We have proposed a surface-normal Stokes-vector receiver using a metasurface for the polarimetric self-coherent systems. We fabricated a Si-based metasurface and successfully demonstrated the 25-km self-coherent transmission of 40GBd QPSK signals. Our device can be realized with a compact receiver module, which has a comparable size and complexity to conventional IM-DD receivers. Moreover, it can easily be extended to receive spatially multiplexed channels owing to the surface-normal configuration.

Related Publication
[1]  G. Soma, Y. Nomoto, T. Umezawa, Y.Yoshida, Y. Nakano, and T. Tanemura, "Compact and scalable polarimetric self-coherent receiver using a dielectric metasurface," Optica 10(5), 604 (2023).
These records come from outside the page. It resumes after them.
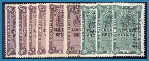 227. 9 st stämpelmärken Stora Riksvapnet 1895 med höga valörer:
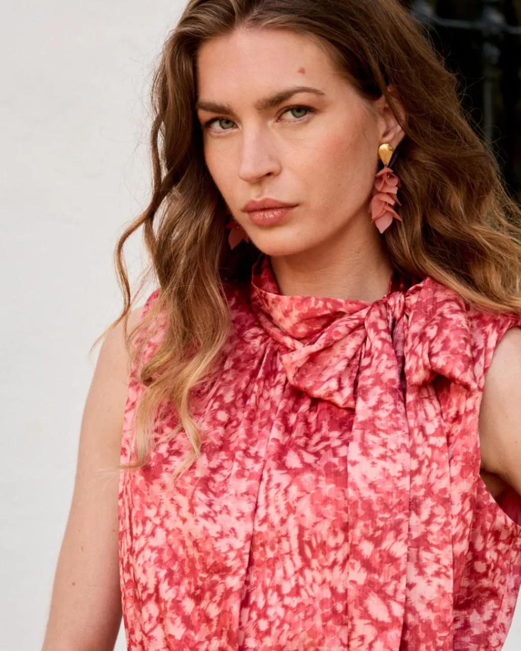 Boucles d’oreilles avec détails suspendus dans le ton du maquillage et des détails dorés.
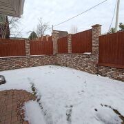 На участке установлена закрытая беседка из латвийского клинкерного кирпича с барбекю, коптильней, русской печкой и казаном. Дверцы с закаленным стеклом из славацкого чугуна.
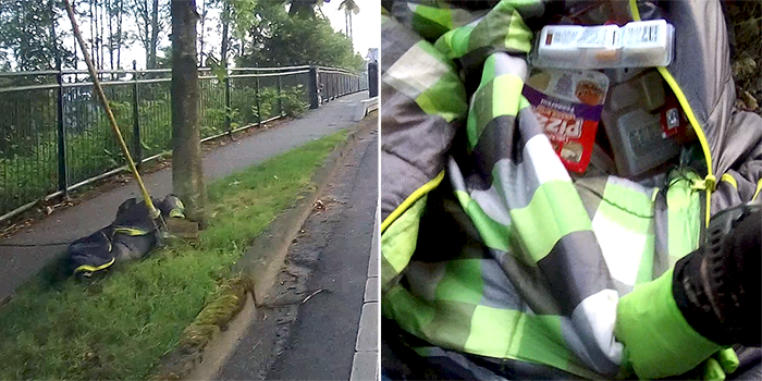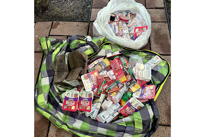 There were Lunchables, snacks, several packages of turkey hotdogs, bottles of milk, etc. Most of it required refrigeration, so the whole lot is spoiled and headed for the garbage bin. We’ll send the sleeping bag to Goodwill.
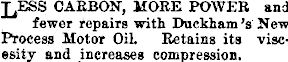 LESS CARBON, MORE POWER and fewer repairs with Duckham’s New Process Motor Oil. Retains its viseesity and increases compression.
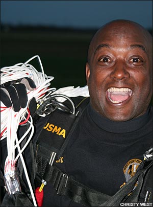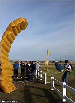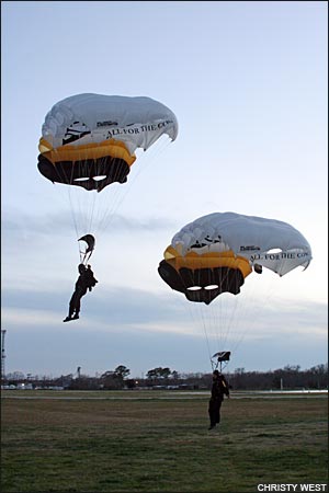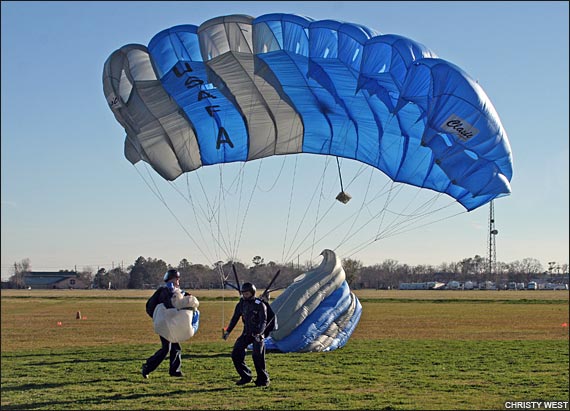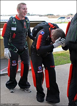 2:35 p.m.: We've got 2-way vertical formation skydiving scores! And we don't just have a few of them, we've got them ALL! Enturbulators bested the Sky Monkeys (U.S. Air Force Academy) by one point to win the gold with 54 points, and another USAFA team, the Krispy Robots, takes bronze with a 49. Congrats, everyone, nice flying! We'll get some video of that out to you shortly. This just in, VTSD has unofficially scored a 31 in round 5! Draw: O-6 (satellite - cat+acc). Can't wait to see what they do with round 6 (P-B-J)... anyone want a sandwich? :-) 3:25 p.m.: We've got rounds 4 and 5 of 4-way completely judged, and VTSD continues to widen their lead in the open class, besting Air Force Groove by 7 points in round 4 and 13 points in round 5 (wow) to gain a current total of 104 points. That puts them ahead by 27 points after 5 rounds; looks like they don't want to be caught anytime soon... Groove's total of 77 points puts them 7 points up on West Point Apocalypse, who is 23 points ahead of Air Force Epic. Barring some really interesting developments, it looks like the first three places might be pretty locked up in 4-way open. In Advanced, Air Force Impulse topped their nearest neighbors West Point Vigilantes by 5 points in round 4 but lost one in round 5, keeping them in first by 8 points. The race is on for third, with West Point Abroad 8 points behind Vigilantes and Eminence and Vendetta tied only one point back. 3:45 p.m.: We've just heard an announcement that accuracy is complete, so the scores we have are now final. The last 4-way loads are in the air now, so all we have left to complete is 6-way. Stand by for more scores! 6:10 p.m.: Hey all, we're obviously done for the day... it's been a great day! We completed the meet with all 6 rounds of 4-way, all 3 rounds each of 2-way and 6-way, all 4 rounds of VFS, 3/4 rounds of classic accuracy, and 2/4 rounds of sport accuracy. We apologize, again, for the delay in posting updates. Personal opinion from the blogger: Our webhost would benefit from a bat upside the head. Photos from today...
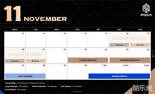 总决赛阶段:12月1日-12月3日,在为期3天的时间里,经过重重厮杀而出的16强将进行终极对决,通过每天6场比赛,来决出本次PGC2023全球总决赛的冠军!
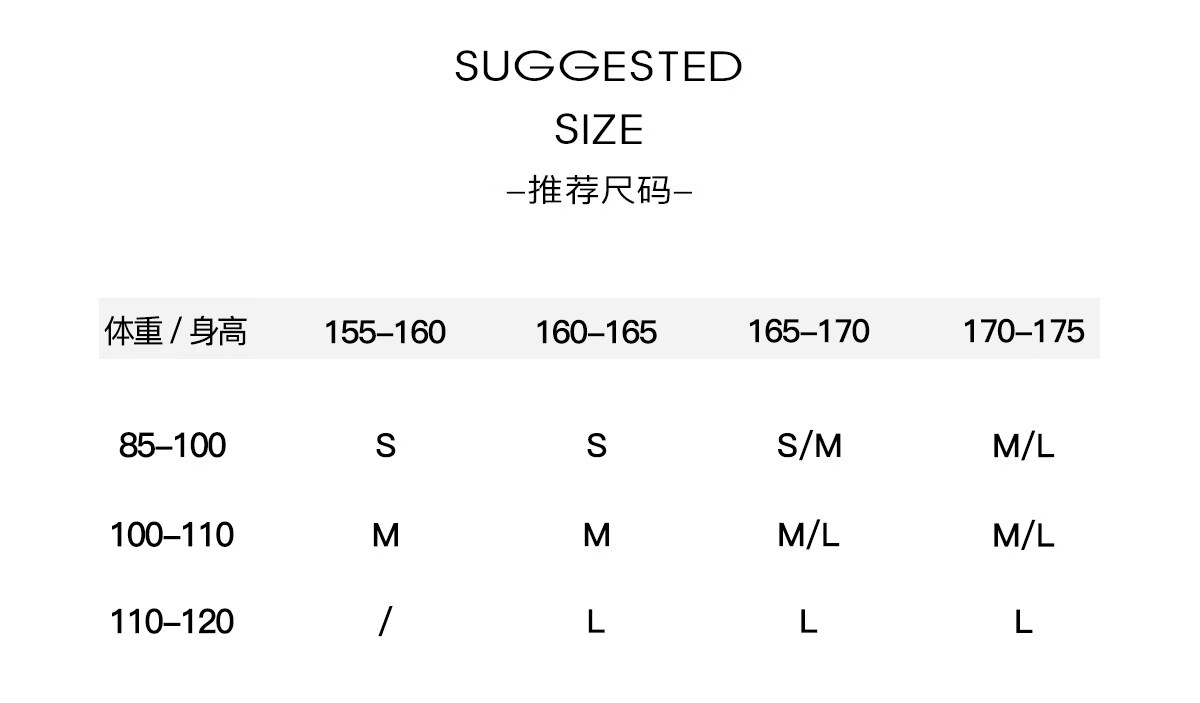 China (cm) 160-165/84-86 165-170 / 88-90 167-172 / 92-96 168-173 / 98-102 170-176 / 106-110
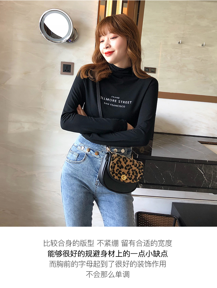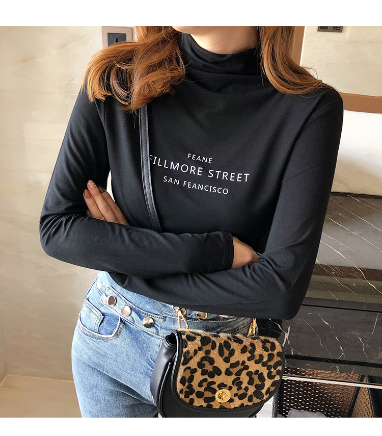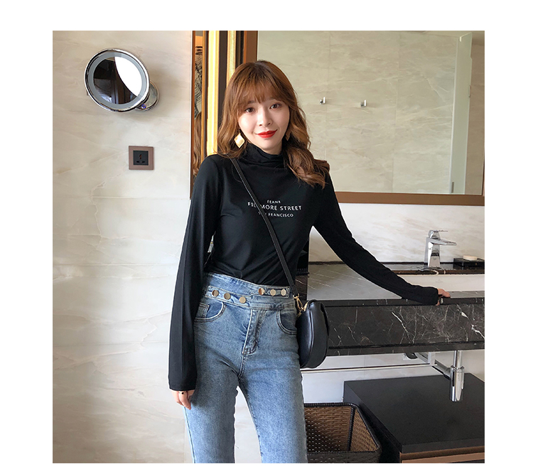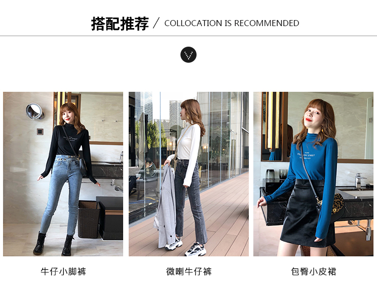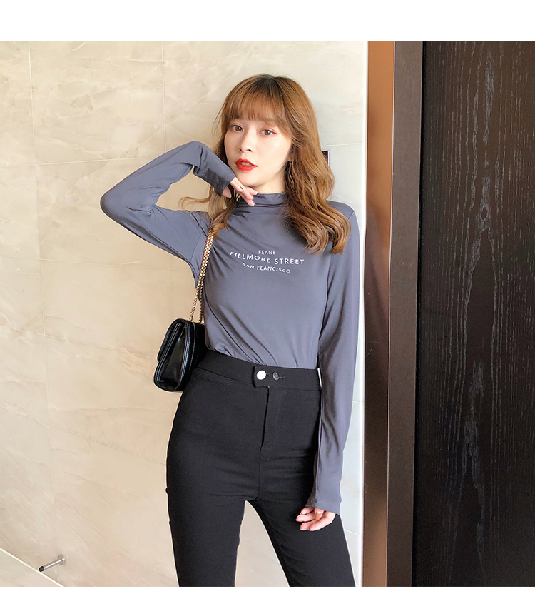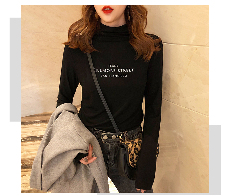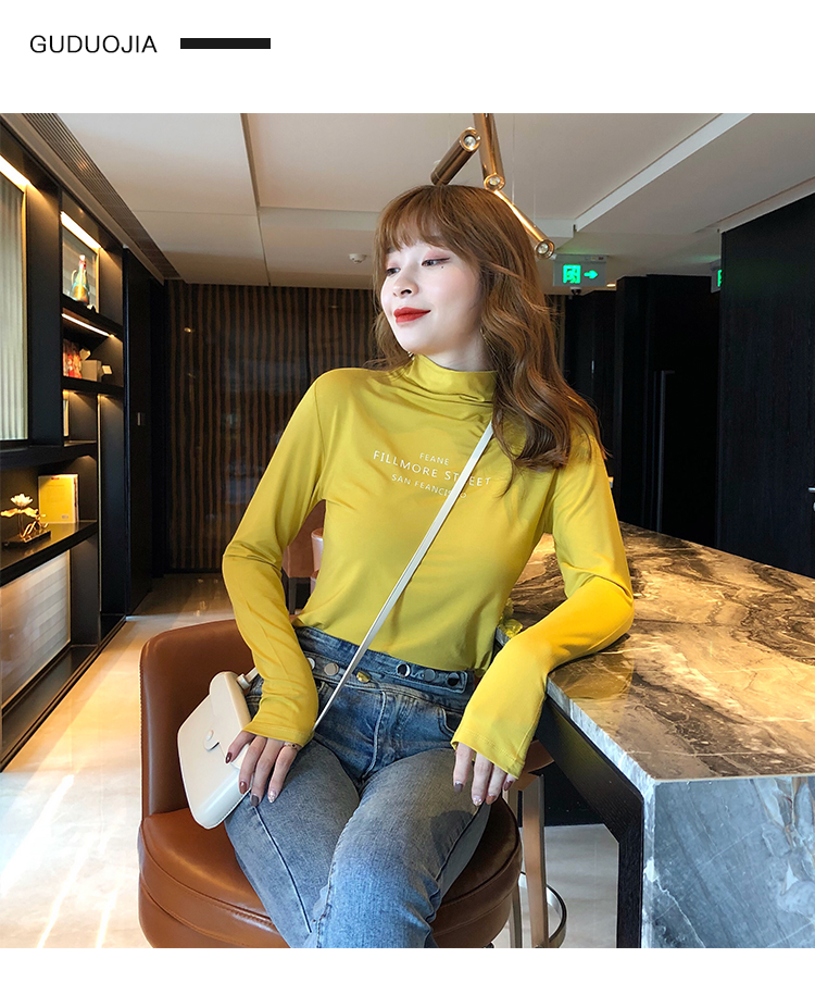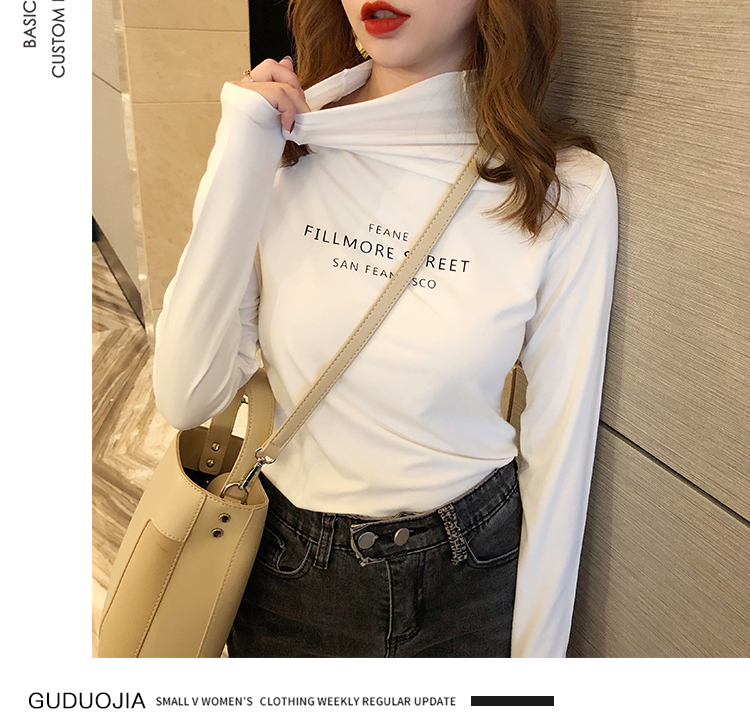2019秋冬新款半高領打底衫女洋氣內搭長袖T恤莫代爾堆堆領上衣潮1入

DOI: 10.1364/optica.484318.
[2] G. Soma, Y. Nomoto, T. Umezawa, Y. Yoshida, Y. Nakano, and T. Tanemura, “Self-Coherent Transmission Using Metasurface-based Stokes-Vector Receiver,”  Optical Fiber Communication Conference (OFC) 2023, M2E.2.
[3] G. Soma, Y. Nomoto, Y. Nakano, and T. Tanemura, “Surface-Normal Stokes Vector Receiver based on Superimposed Metasurface,” Optical Fiber Communication Conference (OFC) 2022, M4J.5. 

We have proposed a surface-normal coherent receiver using a wire-grid-integrated photodetector array. We fabricated an InP-based photodetector array with gold wire-grid polarizers and successfully demodulated high-speed IQ signals such as 64GBd QPSK and 50GBd 16QAM signals. Since the signal is surface-normally incident to the device in our proposed configuration, our receiver has large scalability and can detect highly parallelized coherent signals. 

Related Publication
[1]  G. Soma, W. Yanwachirakul, T. Miyazaki, E. Kato, B. Onodera, R. Tanomura, T. Fukui, S. Ishimura, M. Sugiyama, Y. Nakano, and T. Tanemura, “Ultra-broadband surface-normal coherent optical receiver with nanometallic polarizers,” ACS Photonics 9(8), 2842-2849 (2022). DOI: 10.1021/acsphotonics.2c00759.
[2] G. Soma, W. Yanwachirakul, T. Miyazaki, E. Kato, B. Onodera, R. Tanomura, T. Fukui, S. Ishimura, M. Sugiyama, Y. Nakano, and T. Tanemura, “Compact Surface-Normal Coherent Receiver with Wire-Grid Polarizers,” Conference on Lasers and Electro-Optics (CLEO) 2023, SM4I.3.

We have proposed a new dual-polarization coherent receiver. It does not require a polarization-splitter-rotator, which is difficult to integrate on InP and thick-Si platforms, and enables the monolithic integration of all necessary optical components. As a proof of concept,  we fabricated the passive device on an InP substrate and successfully demodulated dual-polarization QPSK signals.

Related Publication
[1]  G. Soma, S. Ishimura,  R. Tanomura, T. Fukui, M. Ito, Y. Nakano, and T. Tanemura, "Integrated Dual-Polarization Coherent Receiver without Polarization Splitter-Rotator, " Opt. Express 29(2), 1711-1721 (2021). DOI: 10.1364/OE.413310.
[2] G. Soma, S. Ishimura, R. Tanomura, T. Fukui, M. Ito, Y. Nakano, and T. Tanemura, “Polarization-Splitter-Rotator-Free Dual-Polarization Coherent Receiver with a Single Optical Hybrid,” Conference on Lasers and Electro-Optics (CLEO) 2021, STu2B.4.